PROBLEM
Below this line are records; transcribe exactly the lines between the one holding "Ψυχολόγοι ΣΤΥΛΙΑΝΟΥ ΜΑΡΙΑΝΘΗ-ΨΥΧΟΛΟΓΟΙ" and the one holding "This marks the", inclusive, and omit the pictures.

EXTRACTED RECORDS START

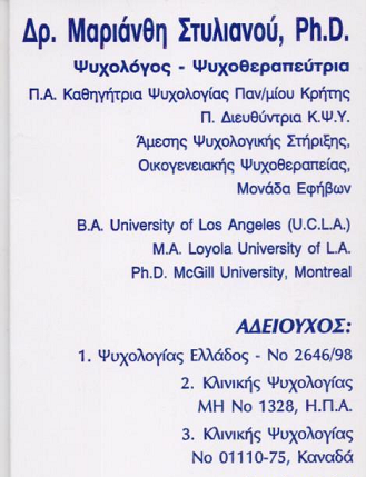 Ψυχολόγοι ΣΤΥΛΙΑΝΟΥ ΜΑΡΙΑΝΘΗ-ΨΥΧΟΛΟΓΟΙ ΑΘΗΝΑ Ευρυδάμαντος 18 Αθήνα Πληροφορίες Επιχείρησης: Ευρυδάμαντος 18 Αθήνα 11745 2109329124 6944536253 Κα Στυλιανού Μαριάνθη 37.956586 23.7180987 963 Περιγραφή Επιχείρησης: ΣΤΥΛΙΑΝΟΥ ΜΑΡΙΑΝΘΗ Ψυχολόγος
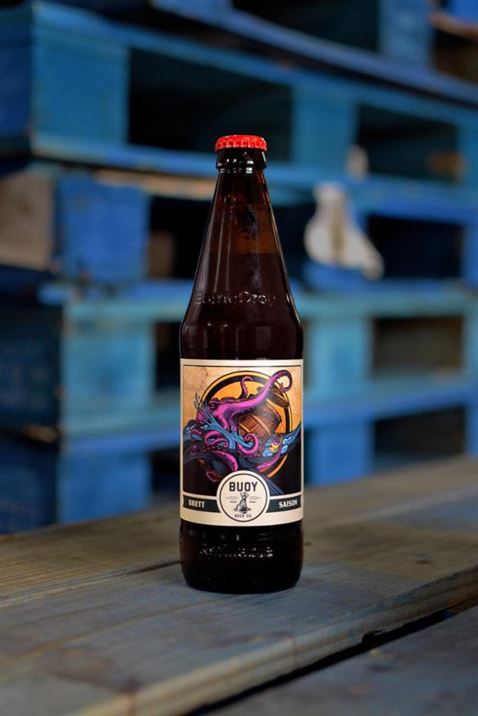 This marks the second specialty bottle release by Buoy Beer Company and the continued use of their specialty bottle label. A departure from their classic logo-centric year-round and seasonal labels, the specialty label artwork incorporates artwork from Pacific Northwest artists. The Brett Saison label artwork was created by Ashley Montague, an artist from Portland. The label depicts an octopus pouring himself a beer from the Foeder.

EXTRACTED RECORDS END
EXTRACTED RECORDS START

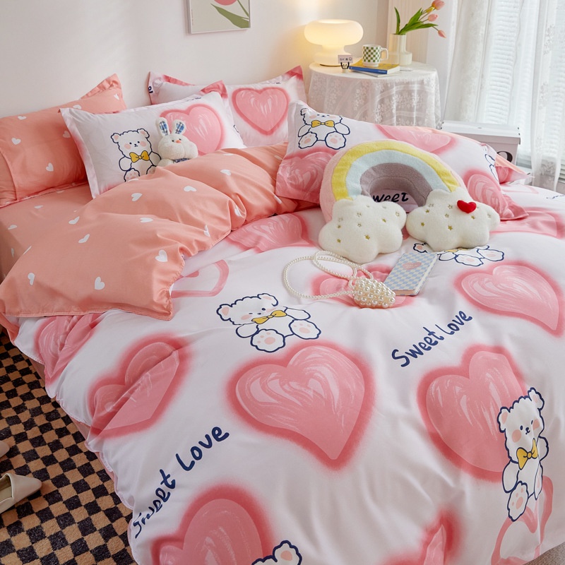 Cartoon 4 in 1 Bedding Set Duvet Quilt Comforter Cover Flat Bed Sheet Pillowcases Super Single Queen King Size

EXTRACTED RECORDS END
EXTRACTED RECORDS START

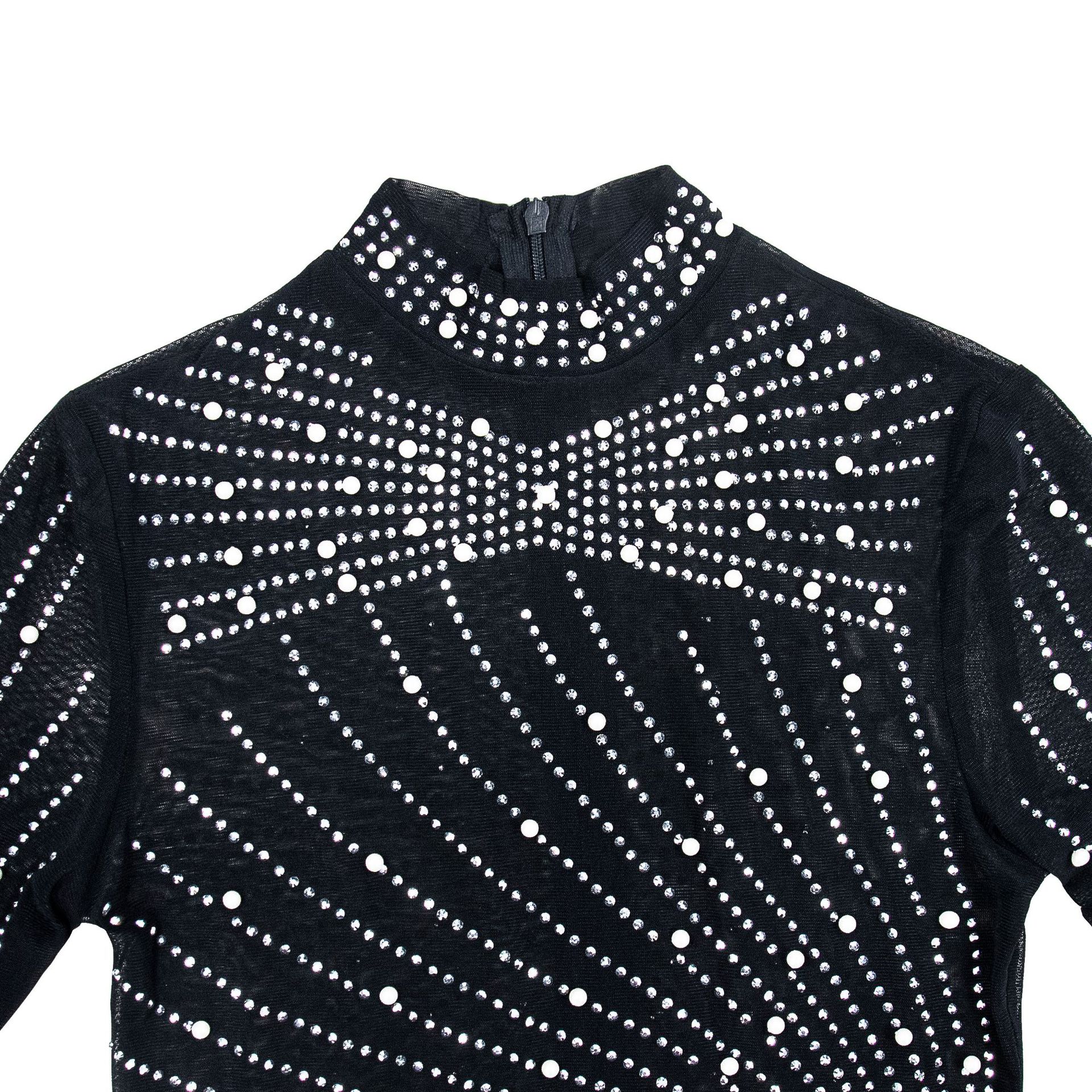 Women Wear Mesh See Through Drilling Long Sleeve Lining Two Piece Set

EXTRACTED RECORDS END

THE COMPLETED TASK
 Ψυχολόγοι ΣΤΥΛΙΑΝΟΥ ΜΑΡΙΑΝΘΗ-ΨΥΧΟΛΟΓΟΙ ΑΘΗΝΑ Ευρυδάμαντος 18 Αθήνα Πληροφορίες Επιχείρησης: Ευρυδάμαντος 18 Αθήνα 11745 2109329124 6944536253 Κα Στυλιανού Μαριάνθη 37.956586 23.7180987 963 Περιγραφή Επιχείρησης: ΣΤΥΛΙΑΝΟΥ ΜΑΡΙΑΝΘΗ Ψυχολόγος
 This marks the second specialty bottle release by Buoy Beer Company and the continued use of their specialty bottle label. A departure from their classic logo-centric year-round and seasonal labels, the specialty label artwork incorporates artwork from Pacific Northwest artists. The Brett Saison label artwork was created by Ashley Montague, an artist from Portland. The label depicts an octopus pouring himself a beer from the Foeder.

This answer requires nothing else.